Research in behavioral science offers insights into the difficulty of behavior change. For example, decisions that involve tradeoffs between costs and benefits occurring at different times (i.e., intertemporal choices) and the tendency to over-value immediate rewards at the expense of long-term intentions (i.e., present bias) may make it hard for parents to give up leisure (or work) today in order to invest time and effort for a distant return in children’s human capital. Kalil (2014) uses behavioral insights to better understand what motivates parents to invest in their children and to inform the design of policies to reduce inequality in children’s skill development. Research by Andreoni and Sprenger (2012) also shows that for low-income parents a tendency to discount the future may arise from uncertainty about whether the time and effort they spend on their children will help their child succeed.
Racial and Ethnic Bias
Recent studies have documented the existence of in-group racial biases in employment, criminal, judicial and educational settings. While social and legal changes have eliminated many institutionalized forms of racial discrimination, the same policy tools may have less leverage against implicit racial stereotypes. For example, Bertrand and Mullainathan (2003) provide evidence that race affects the benefits of a better resume—for Caucasian names, a higher quality resume elicits 30 percent more callbacks whereas for African American names, it elicits a far smaller increase—suggesting that racial discrimination is still a prominent feature of the labor market.

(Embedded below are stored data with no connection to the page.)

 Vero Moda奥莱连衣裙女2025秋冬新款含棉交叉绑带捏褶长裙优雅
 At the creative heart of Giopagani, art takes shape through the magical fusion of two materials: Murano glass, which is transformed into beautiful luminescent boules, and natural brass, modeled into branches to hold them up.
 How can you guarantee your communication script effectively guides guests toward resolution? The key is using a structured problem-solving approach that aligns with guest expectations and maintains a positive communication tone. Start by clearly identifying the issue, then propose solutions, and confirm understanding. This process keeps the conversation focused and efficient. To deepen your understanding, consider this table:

In another study, Pope et al. (2014) show that individual NBA referees became unbiased after being made aware of their racial biases in referee calls of personal fouls through widespread media exposure, suggesting that raising awareness of even subtle forms of racism can bring about meaningful change.

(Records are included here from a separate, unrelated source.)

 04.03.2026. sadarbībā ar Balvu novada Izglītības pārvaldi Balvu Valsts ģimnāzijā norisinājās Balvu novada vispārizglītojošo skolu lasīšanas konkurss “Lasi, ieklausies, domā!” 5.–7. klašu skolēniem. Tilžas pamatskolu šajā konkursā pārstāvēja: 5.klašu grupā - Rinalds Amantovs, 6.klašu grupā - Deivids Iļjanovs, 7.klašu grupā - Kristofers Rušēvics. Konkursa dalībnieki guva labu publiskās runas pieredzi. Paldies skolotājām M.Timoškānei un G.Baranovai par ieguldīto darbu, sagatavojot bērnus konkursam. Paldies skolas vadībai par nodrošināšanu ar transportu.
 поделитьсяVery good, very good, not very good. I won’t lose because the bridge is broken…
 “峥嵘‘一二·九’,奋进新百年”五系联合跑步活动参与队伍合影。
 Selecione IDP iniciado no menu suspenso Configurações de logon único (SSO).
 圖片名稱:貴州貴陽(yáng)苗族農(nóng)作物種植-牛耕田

Behavioral insights have played the most obvious role in finance, where behavioral finance has become its own thriving field. A better understanding of human behavior may provide a more useful framework for analyzing public finance issues, such as social insurance, income support and redistribution, and taxation. For example, in Policy and Choice (2011), Congdon, Kling, and Mullainathan explore how psychological factors, like framing, help reshape key concepts in public finance, such as moral hazards (e.g. unemployment insurance muting the incentives of unemployed individuals to return to work) and deadweight loss (e.g. taxation). More recently, Chetty et al. (2014) use Danish administrative wealth data to show that defaults are a more effective way to increase savings rates than changes in tax subsidies.

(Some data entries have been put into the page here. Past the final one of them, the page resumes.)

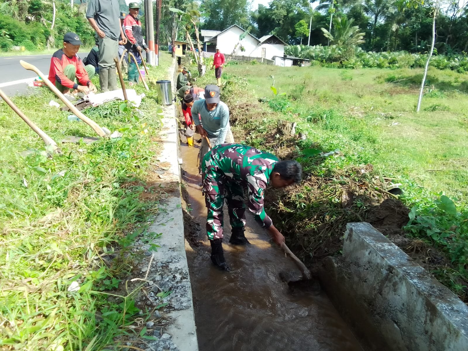 Lumajang, Dalam upaya meningkatkan kebersihan lingkungan dan mencegah banjir saat musim penghujan, Babinsa Sumberurip Koramil 0821-14/Pronojiwo, Koptu M. Arif Wibowo, bersama Pemerintah Desa dan 25 anggota Perlindungan Masyarakat (Linmas), melaksanakan kerja bakti normalisasi saluran drainase di RT 002 RW 005 Dusun Sriti, Desa Sumberurip, Kecamatan Pronojiwo, Kabupaten Lumajang, Jawa Timur, Jumat (20/6/2025).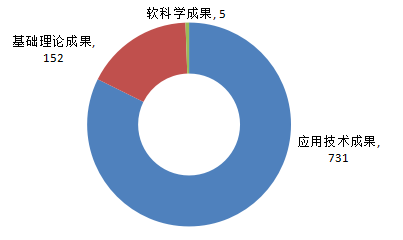 2022年江苏科技成果类别仍然以应用技术成果为主,共计731项,占82%,与往年持平;基础理论成果152项,占17%,软科学成果5项。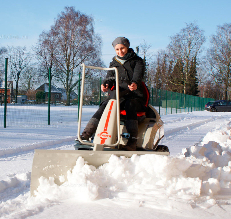 Навесной отвал для уборки снега Cramer 1428070. Ширина захвата - 120 см. Изготовлен из прочной листовой стали с антикоррозийным покрытием. Отвал оснащен пружинно-откидным механизмом защиты от наезда на препятствие, т.е. в случае столкновения отвала с камнем или бордюром происходит складывание лопаты и преодоление препятствия в сложенном состоянии. Затем при помощи возвратных пружин лопата откидывается обратно. Вес - 44 кг.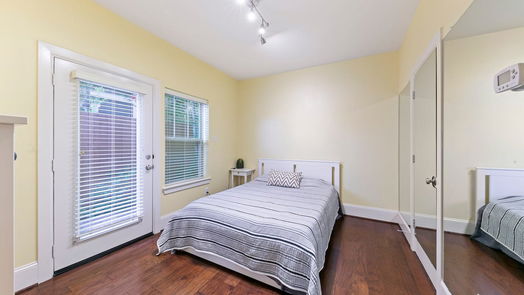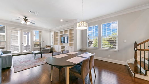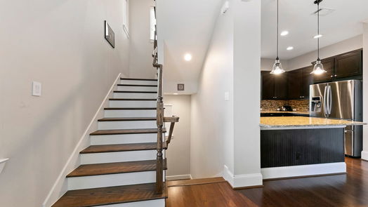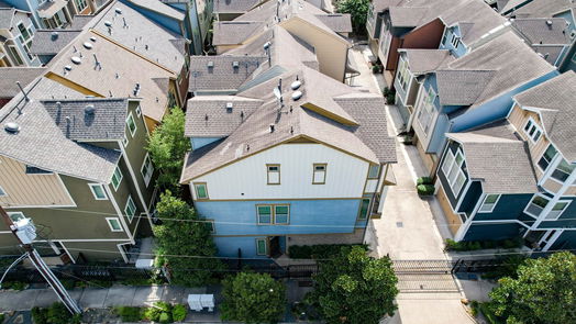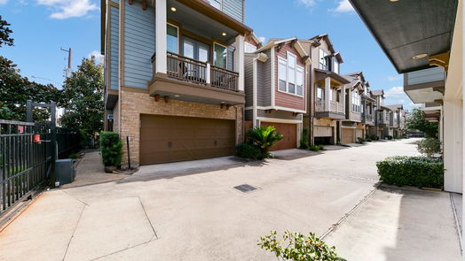 Experience the best of Houston Heights living in this corner home in a gated community. At the intersection of the popular M-K-T and Nicholson Hike and Bike trails and just steps from Lawrence Park, this 3-bed, 2.5-bath home offers easy access to Downtown and the White Oak/Buffalo Bayou Trails. Home spans 3 levels and boasts wood floors throughout. Open kitchen features granite counters, a custom tile backsplash, stainless appliances, and a breakfast bar. The living space is enhanced with built-in cabinets and a home theater system, complete with surround sound ceiling speakers and wiring. Enjoy the south-facing balcony for plenty of natural light, and the fenced yard with a patio provides a great outdoor space for pets and relaxation. The garage includes overhead storage racks for added convenience. With private gate access and a gated driveway, this home ensures both security and privacy. All within walking distance to fantastic shopping and restaurants at M-K-T Heights.

Choice architecture describes the different ways in which options can be presented to consumers, and the impact of that presentation on decision-making. For example, in Nudge: Improving Decisions About Health, Wealth, and Happiness (2009), Thaler and Sunstein show how choice architecture can successfully nudge people toward better decisions. More recently, Johnson et al. (2013) examine how well people make choices, how well they think they do, and what can be done to improve these choices in the new health insurance exchanges. They show that performance can be improved by providing calculation aids and by choosing a "smart" default.